Her heart thundered for a minute. He could do bad things if he wanted. But it was broad daylight. Hell, it didn’t matter what the light was.
She quickened her pace, but when she turned around, he wasn’t there. She kept on moving, and passed the church.
She heard the sound of a siren. Damn, the cops!
The ice-cream parlor was right ahead.
She ran inside it, her back to the street.
She winced. Danny, yeah, Danny was supposed to be here!
It didn’t matter; she just needed to stand here for a minute. She set her hands on the counter. It was sticky. She shoved her hands into her pockets, making a face.
The cop car was passing.
Then Danny was back. With that way that he looked at her.

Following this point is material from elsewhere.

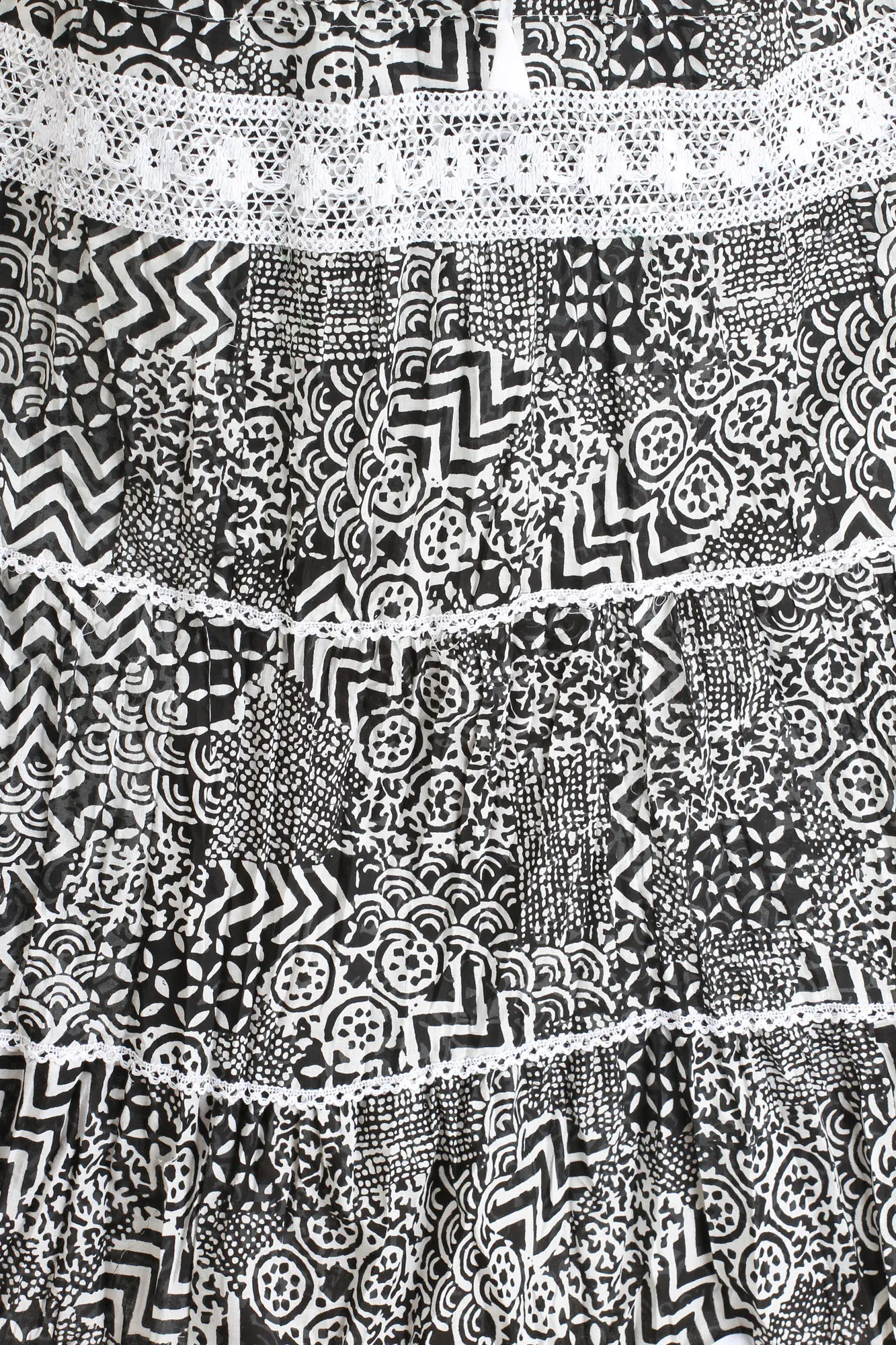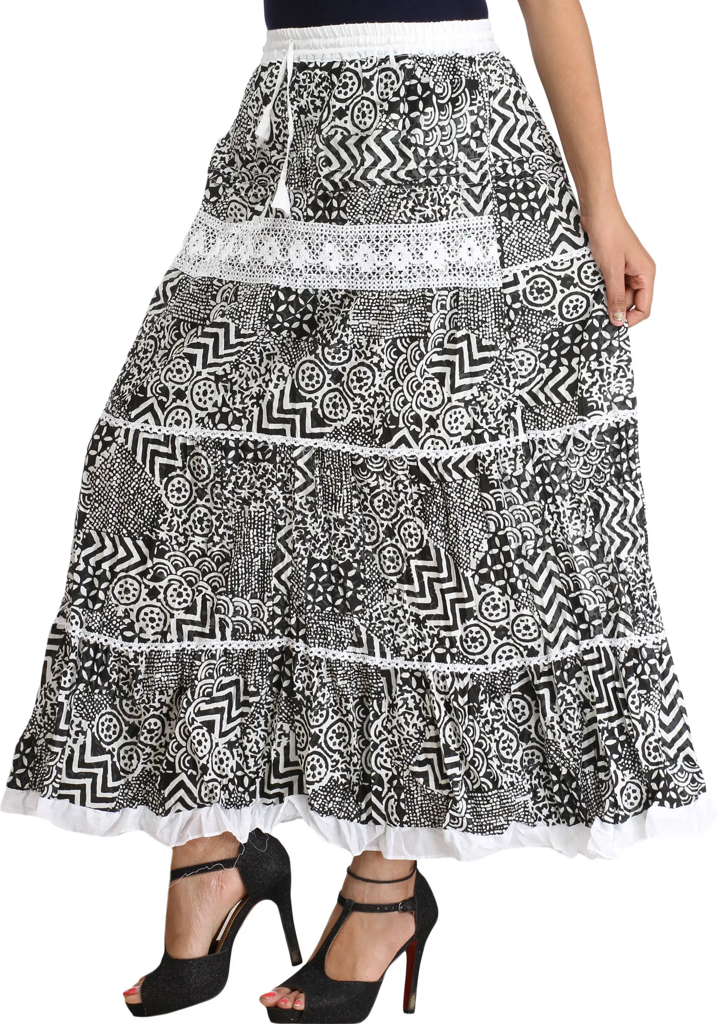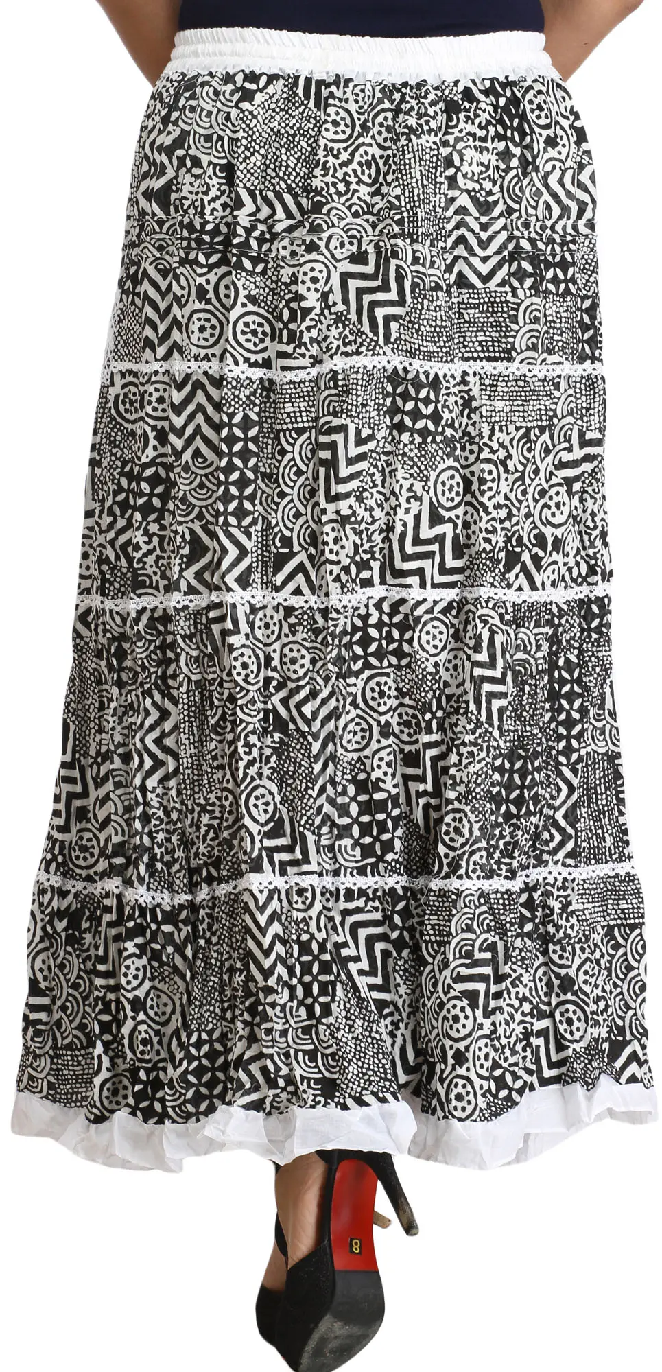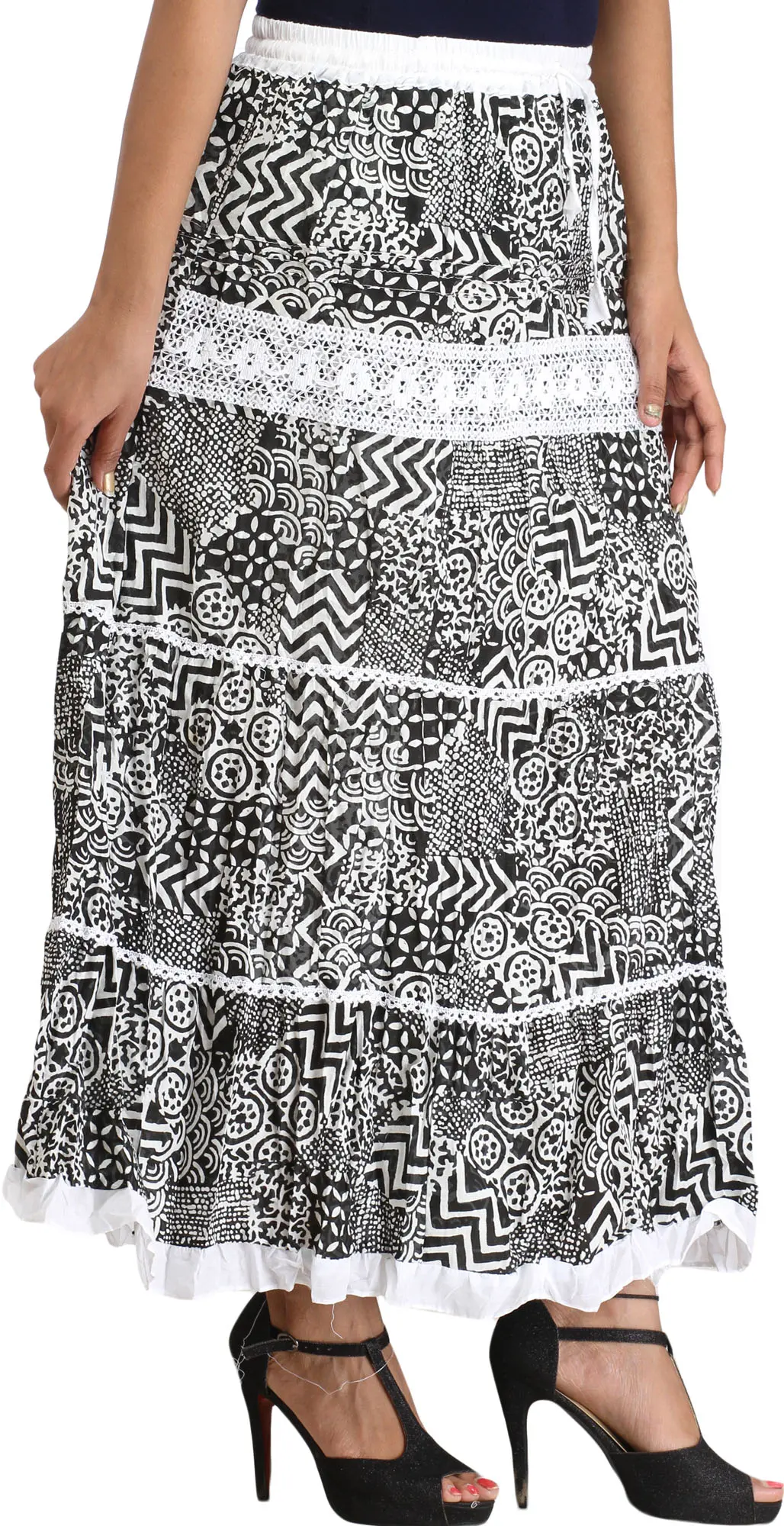 With this striking black and white long skirt with a collage print, embrace an impressive fusion of style and comfort. This skirt, made from pure cotton, seamlessly blends refinement and artistic flair. The monochrome palette emanates adaptability, allowing for easy incorporation into your ensemble. It is perfect for both casual and semi-formal gatherings, with a sleek and modern look. The breathable fabric keeps you comfortable all day, and the distinctive collage pattern gives a personal touch. This skirt skillfully strikes a balance between style and functionality, allowing you to make a statement without compromising comfort. Use this adaptable wardrobe essential to elevate your everyday look.

“Ice cream? Really, Stella?”
The way that he looked at her…
He was sad, he was angry.
“Danny-”
The cop car was gone.
“Danny-oh, whatever!” she said.
She turned away, and decided that she really had to get off the main streets. She hurried outside and around the church. She could hear a car, and she started running, paranoid now.
She cut through one of the yards. Damn it-she knew too many men in this town. Knew them too intimately.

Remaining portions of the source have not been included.